ÇED RAPORLARI KRİTİK RAPORLARDIR
Su Altı Araştırmaları Derneği Başkanı ve Akdeniz Fok Araştırma Grubu temsilcisi Nesimi Ozan Veryeri ise: ÇED raporlarının Türkiye’de kritik raporlar olduğuna dikkat çekerek, “Kıyılarımız Akdeniz ölçeğinde çok değerli. 30 milyon yıldır Akdeniz fokları kıyılarımızda yaşıyorlar. 1990’lı yıllarda 45 milyon olan Türkiye nüfusu şuanda 80 milyona kadar dayanmış halde. Bu nüfusun yüzde 60’ı kıyılarımızda yaşıyor. En büyük değişim akarsular, iç sular, tatlı sular, deniz ve kıyı ekosisteminde görülüyor. Muğla bölgesi Türkiye’nin en önemli ve en değerli bölgelerinden bir tanesi. Muğla tarımsal toprakları, turizm potansiyeli orman ekosistemi ve su ekosistemleriyle Türkiye’de en öne çıkan bölgelerden bir tanesi. Muğla kıyılarının önümüzdeki dönemde korunması gerektiği ile ilgili iki gün sürecek bir çalıştay söz konusu” dedi.

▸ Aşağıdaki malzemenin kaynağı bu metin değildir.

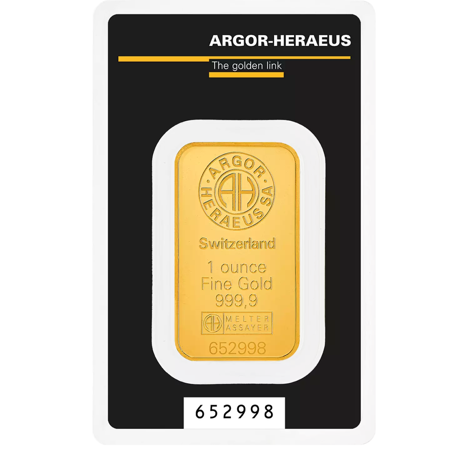 Argor-Heraeus is a well-known and respected Swiss precious metals refinery. Their 1oz gold bars are struck from 99.99% pure gold and are therefore considered to be some of the highest quality gold bars available on the market.
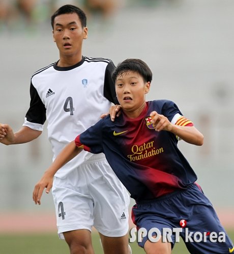 27일 전남 강진군 강진종합운동장에서 열린 `제7회 한국중등(U-15)축구연맹회장배 겸 전라남도지사배 국제축구대회` 스페인FC바르셀로나와 한국중등연맹U-15대표팀의 경기에서 바르셀로나의 백승호(15)가 주장완장을 차고 한국대표 이동진에 앞서 볼을 향해 뛰어나가고 있다.
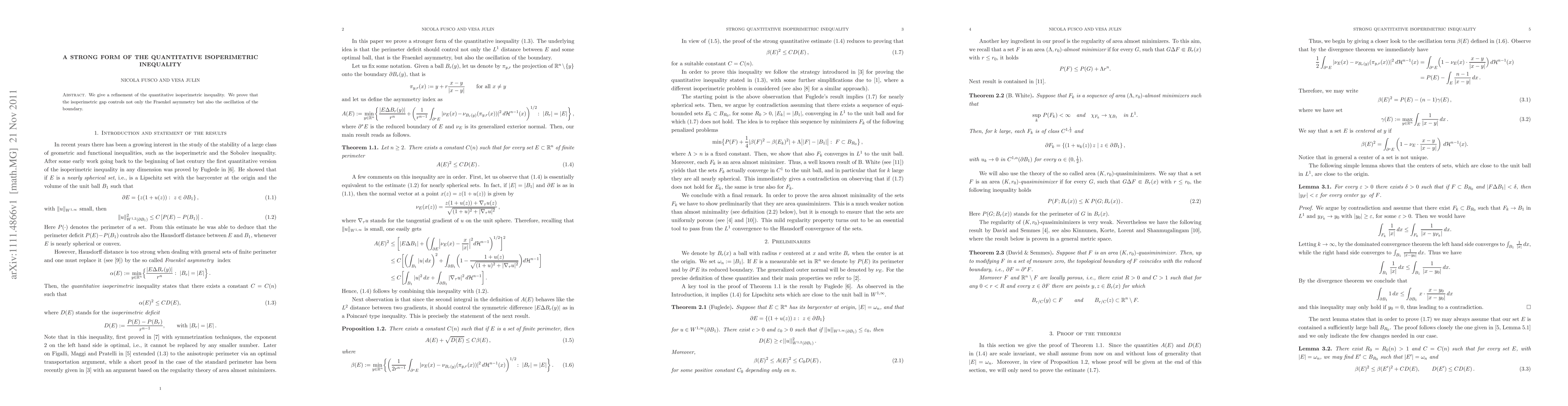 Summary: This paper refines the quantitative isoperimetric inequality, demonstrating that the isoperimetric gap influences both the Fraenkel asymmetry and the oscillation of the boundary, providing a more nuanced understanding of geometric properties.

Veryeli: “Türkiye’de her yıl binlerce ÇED raporu düzenlenmekte. Ve kanaatimiz şudur ki bu ÇED raporları Türkiye’nin ekolojik ve ekonomik kaderini belirleyen son derece kritik raporlardır. Bu raporların düzenlenmesi sürecinde özellikle bilim insanlarının ve bilirkişilerinin dürüstlük ve ahlak hattında kalmalarını son derece önemli olduğunu düşünüyoruz. Yaptığımız incelemelerde özellikle kıyı ve deniz alanları olan uzmanlık alanlarımızda ÇED raporlarımızda yanlış plan kararlarının söz konusu olabildiğini kuvvetle tespit ediyoruz. Bugün Avrupa’da ve gelişmiş olan ülkelerde en değerli olan şey para değil. En değerli olan şey başta ahlak ve doğal kaynaklar. Türkiye’de artan nüfus paralelinde ve hızlı değişen değerler silsilesinde sahip olduğumuz değerlerin önemini ve bunların nasıl yönetilmesi gerektiğini anlamakla ilgili ciddi kaotik ortam yaşıyoruz. Bu noktada hepimizin samimi davranması gerekiyor. Akdeniz foku bir tek canlıdır bizim için önemli olan Akdeniz foku değil onların yaşam alanlarıdır. Akdeniz fokunu korumak tek başına bir anlam ifade etmemektedir. Adalarıyla, kumsallarıyla, kıyılarıyla, ağacıyla, akarsuyuyla birlikte bunları korursak o zamanda turizmde, tarımda başarılı oluruz. Ülkemizde son kıyı, alanları Marmaris, Ege ve Akdeniz’de tespit edilmektedir. Bu alanların hassasiyetle ve dikkatle ele alınması gerekmektedir” diye konuştu.
AKDENİZ FOKU TEHDİTLERİ
Su Altı Araştırmaları Derneği Başkanı ve Akdeniz Fok Araştırma Grubu temsilcisi Nesimi Ozan Veryeri, Akdeniz Foku’nun kıyılarımızdaki tehdit ve riskleri olarak yaşam alanı olan bakir kayalık kıyıların yapılaşma ve yasa dışı kaçak yapılaşmalarla tahrip edilmesi yasa dışı ve aşırı balıkçılık, denizlerin kirlenmesi, kimyasal ve fiziksel özelliklerin bozulmasını gösterdi. Veryeri, kıyıların korunması noktasında Doğa Koruma ve Milli Parklar Genel Müdürlüğü ile Mekansal Planlama Genel Müdürlüğü’nün üzerine kritik görevler düştüğünü söyledi.